Start of Block

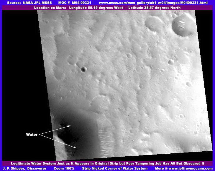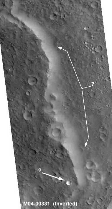 A fenti képen ugyancsak felszíni vízlelőhelyre vonatkozó felfedezést találhatunk, a bal alsó sarokban, az eredeti M04-00331 jelű fotócsíkról, mintha begörbített ujjat látnánk; ez valójában csak kis részlete a teljes vízgyűjtő területnek. A fenti kép hajszálpontosan úgy fest, miként az eredeti, semmiféle változtatás nem történt semelyik részén, eltekintve a nyilaktól és a felirattól. Figyeljük meg, miként változik a vízfelület színe egyre sötétebbé a belsőbb területek (mélyebb) felé haladva, az ívelt csatorna közepe felé, és ellenkezőleg, miként világosodik ki, amint a széle felé (sekélyebb rész) haladunk. Figyeljük meg a víz alatt található felszíni formákat, meglehetősen jól kivehetők, nem igaz? Azonban akad némi gond. Ha már tökéletes mértékben biztosak lehetünk benne, valóban vizet látunk a felvételen, be kell vallani, igazából nem látjuk, hiszen a hamis illúziót keltő képhamisítási technika mindent elfed, beleértve magát a vízfelületet és a közvetlen környékének felszíni alakzatait. Az egyetlen valós dolog amit láthatunk, valamiféle gerinc-alakzatok részletei, a vízfolyás szélén, ezekről határozottan kijelenthetjük, a lejtőn aláfolydogáló víz mentén alakultak ki. Ez az! Tegyünk is egy közelebbi pillantást ugyanerre a területre, ám a képet átfordítottuk negatívba, a képhamisítási beavatkozások nyomai így kissé jobban látszanak.
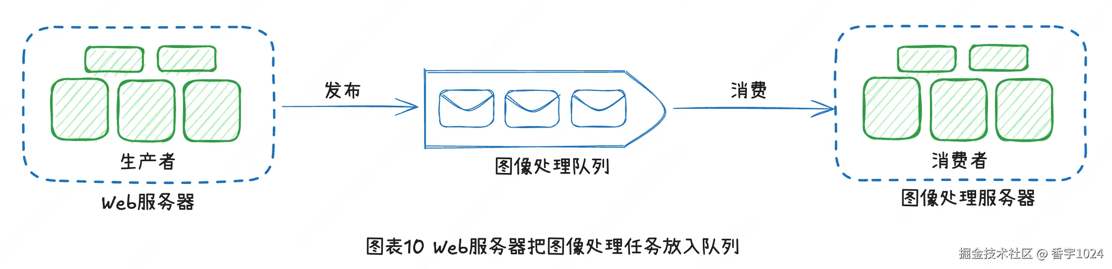 考虑以下用例:你的应用支持修改图像,包括裁剪、锐化、模糊化等,这些任务都需要时间来完成。Web服务器把图像处理的任务发布到消息队列。图像处理进程或服务(Worker)从消息队列中领取这个任务,并异步执行。生产者和消费者都可以独立地扩展。队列的规模变大以后,可以加入更多的Worker,以减少处理时间。如果队列在大部分时间中都是空的,就可以减少Worker的数量。
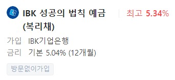 은행예금금리비교, 금리높은곳 - IBK기업은행 IBK 성공의 법칙 예금(복리채)
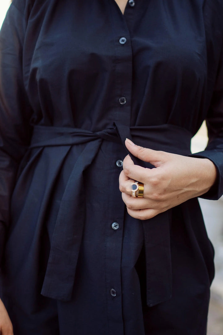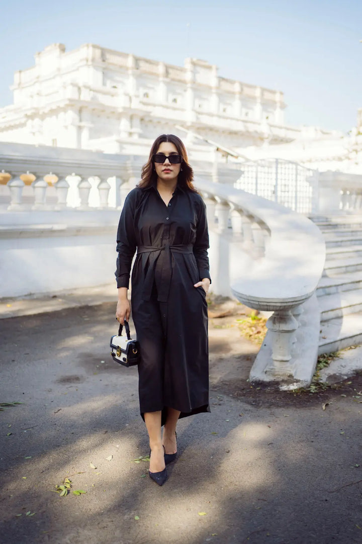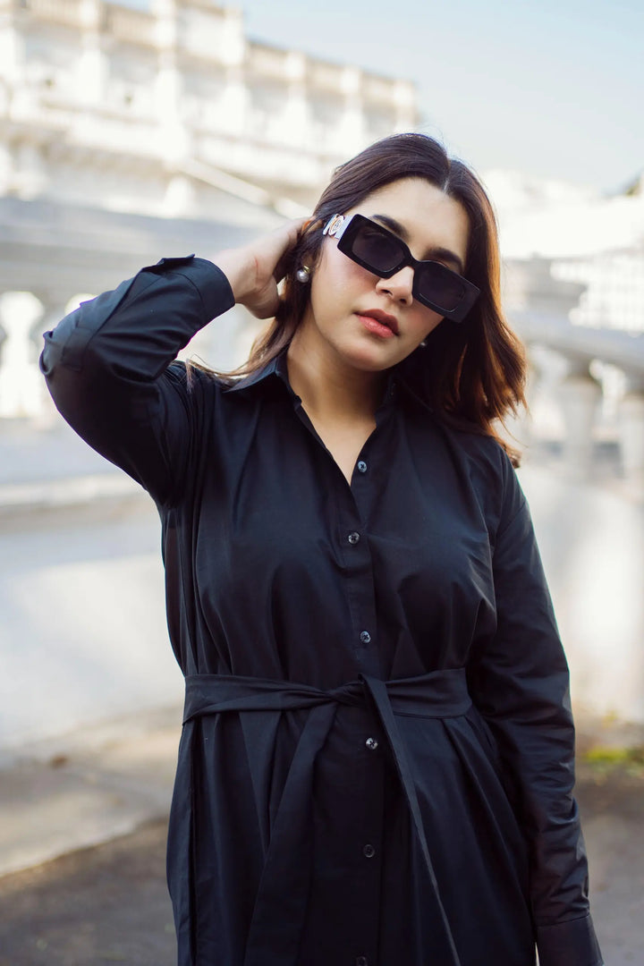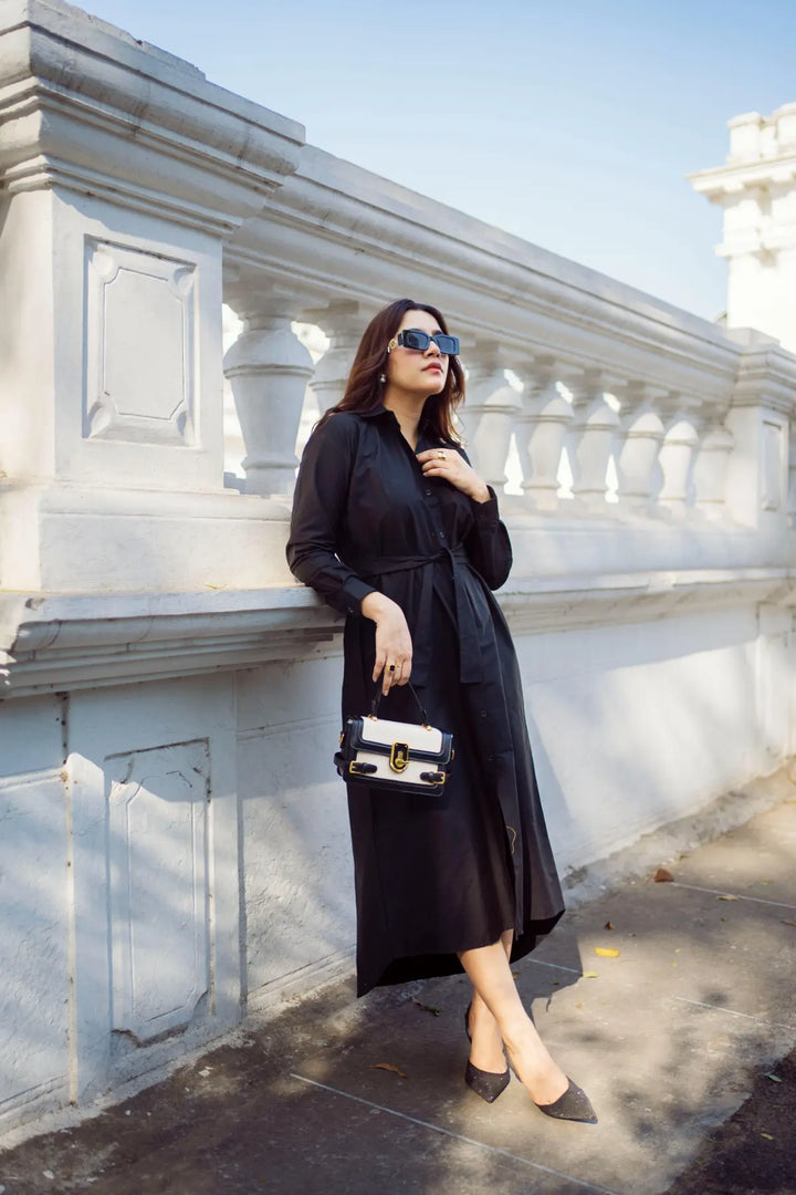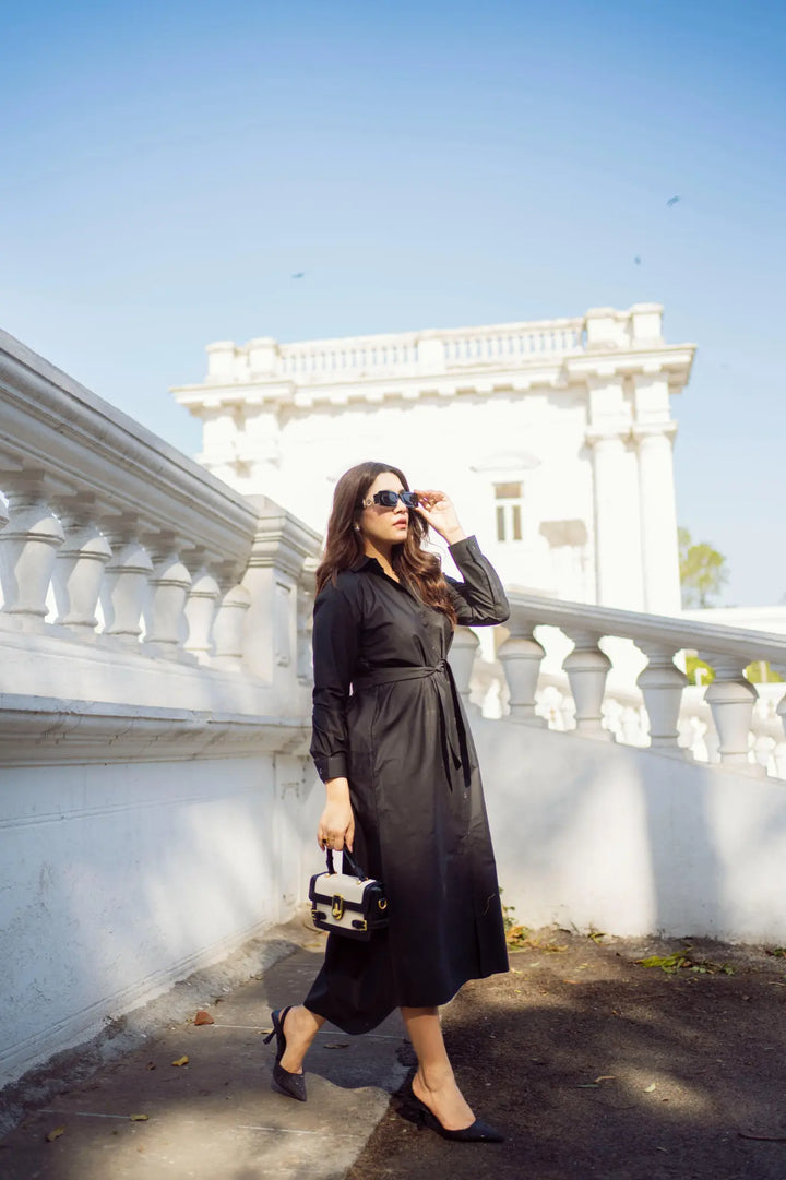 Product Detail: Refresh your everyday style with this smart black dress made from soft thick cotton. Designed with a front-button closure and a crisp shirt collar, it includes a matching fabric belt to define the waist and a front pocket for added ease. A perfect blend of comfort and sophistication for casual days or polished outings.
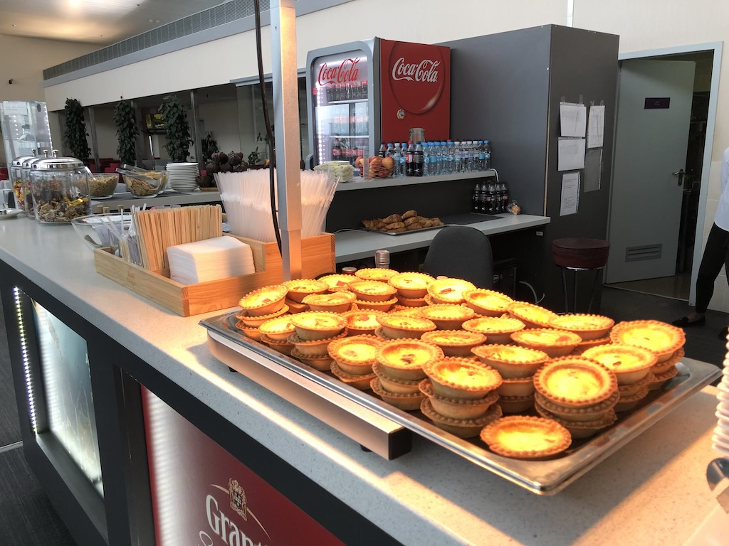 An einer Bar sind kleine Snacks in Form von Sandwiches, Obst und Süßigkeiten aufgestellt. Es war noch morgens und das Angebot entsprach der Frühstückszeit. Neben Pasteten waren auch noch warme Rühreier im Sortiment. Nichts weltbewegendes, aber durchaus ausreichend.
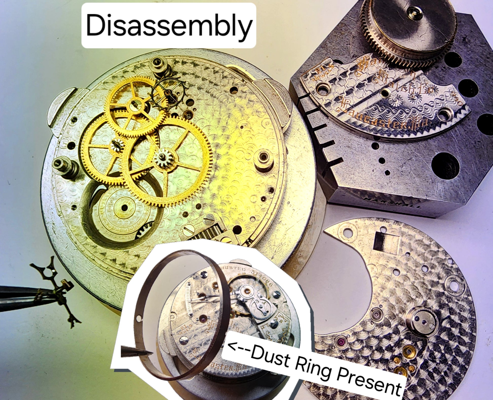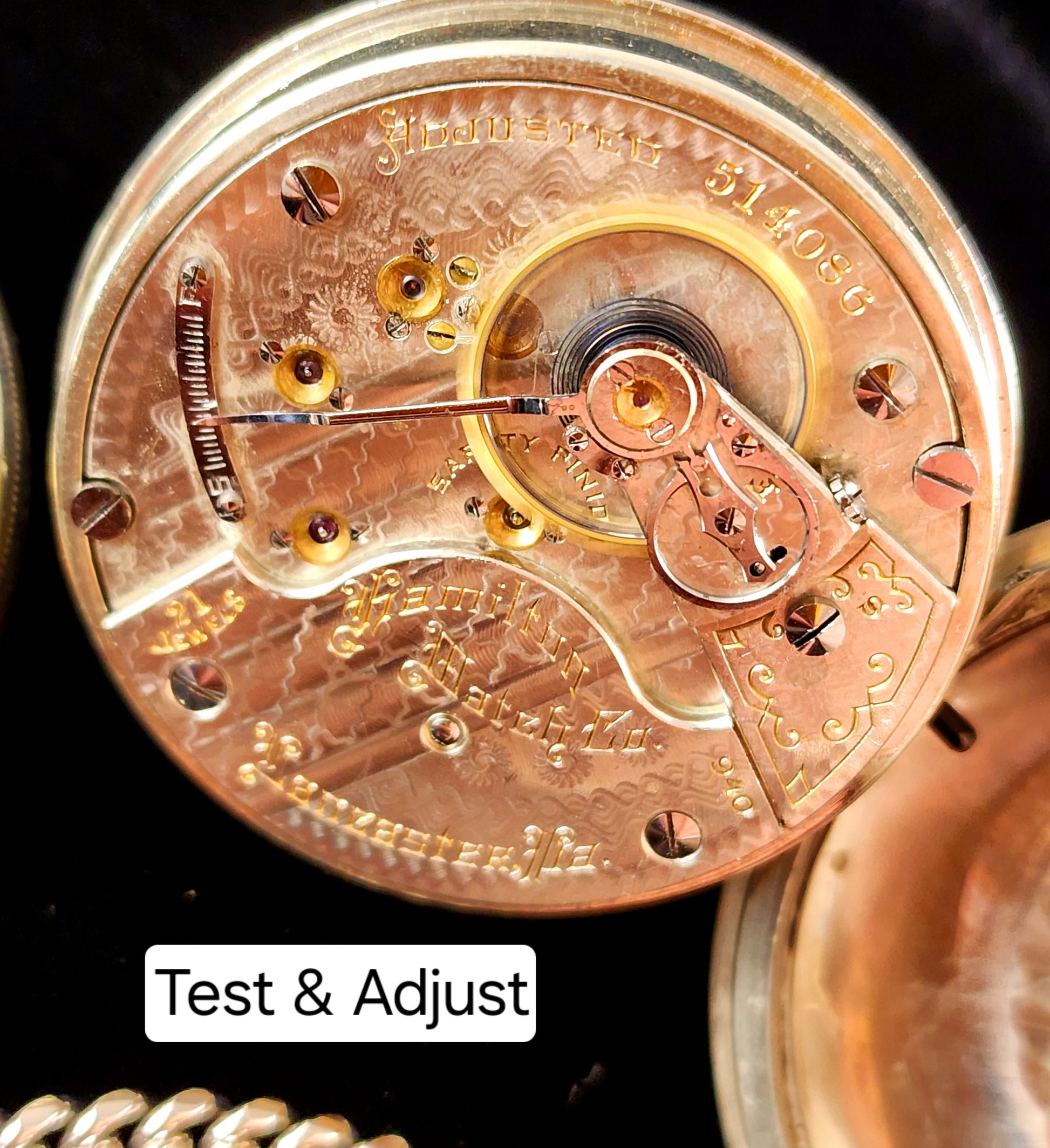 I have completely overhauled the 21 jewel movement, and it is running stronger than ever. I completely disassembled it...and when I say that I mean the mainspring removed from the barrel, new one installed, cap jewels removed, hairspring & balance cleaned ... all of my pieces are done this way. It was lubed with fine Swiss synthetic oils & greases. They all receive the works as they should.
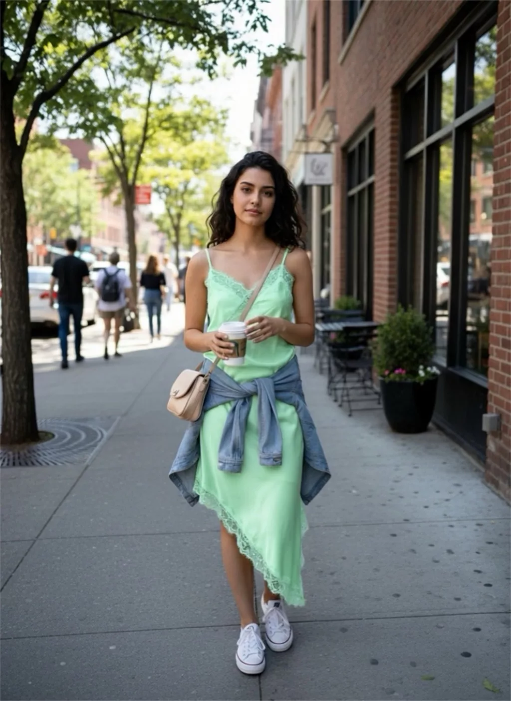BeUnique Fashion szatén csipkeszegős ruha Mint Green One Size

End of Block

Exercise description
When repeating the material above, keep every line exact and drop all pictures.

Response for this exercise
 A fenti képen ugyancsak felszíni vízlelőhelyre vonatkozó felfedezést találhatunk, a bal alsó sarokban, az eredeti M04-00331 jelű fotócsíkról, mintha begörbített ujjat látnánk; ez valójában csak kis részlete a teljes vízgyűjtő területnek. A fenti kép hajszálpontosan úgy fest, miként az eredeti, semmiféle változtatás nem történt semelyik részén, eltekintve a nyilaktól és a felirattól. Figyeljük meg, miként változik a vízfelület színe egyre sötétebbé a belsőbb területek (mélyebb) felé haladva, az ívelt csatorna közepe felé, és ellenkezőleg, miként világosodik ki, amint a széle felé (sekélyebb rész) haladunk. Figyeljük meg a víz alatt található felszíni formákat, meglehetősen jól kivehetők, nem igaz? Azonban akad némi gond. Ha már tökéletes mértékben biztosak lehetünk benne, valóban vizet látunk a felvételen, be kell vallani, igazából nem látjuk, hiszen a hamis illúziót keltő képhamisítási technika mindent elfed, beleértve magát a vízfelületet és a közvetlen környékének felszíni alakzatait. Az egyetlen valós dolog amit láthatunk, valamiféle gerinc-alakzatok részletei, a vízfolyás szélén, ezekről határozottan kijelenthetjük, a lejtőn aláfolydogáló víz mentén alakultak ki. Ez az! Tegyünk is egy közelebbi pillantást ugyanerre a területre, ám a képet átfordítottuk negatívba, a képhamisítási beavatkozások nyomai így kissé jobban látszanak.
 考虑以下用例:你的应用支持修改图像,包括裁剪、锐化、模糊化等,这些任务都需要时间来完成。Web服务器把图像处理的任务发布到消息队列。图像处理进程或服务(Worker)从消息队列中领取这个任务,并异步执行。生产者和消费者都可以独立地扩展。队列的规模变大以后,可以加入更多的Worker,以减少处理时间。如果队列在大部分时间中都是空的,就可以减少Worker的数量。
 은행예금금리비교, 금리높은곳 - IBK기업은행 IBK 성공의 법칙 예금(복리채)
 Product Detail: Refresh your everyday style with this smart black dress made from soft thick cotton. Designed with a front-button closure and a crisp shirt collar, it includes a matching fabric belt to define the waist and a front pocket for added ease. A perfect blend of comfort and sophistication for casual days or polished outings.
 An einer Bar sind kleine Snacks in Form von Sandwiches, Obst und Süßigkeiten aufgestellt. Es war noch morgens und das Angebot entsprach der Frühstückszeit. Neben Pasteten waren auch noch warme Rühreier im Sortiment. Nichts weltbewegendes, aber durchaus ausreichend.
 I have completely overhauled the 21 jewel movement, and it is running stronger than ever. I completely disassembled it...and when I say that I mean the mainspring removed from the barrel, new one installed, cap jewels removed, hairspring & balance cleaned ... all of my pieces are done this way. It was lubed with fine Swiss synthetic oils & greases. They all receive the works as they should.
BeUnique Fashion szatén csipkeszegős ruha Mint Green One Size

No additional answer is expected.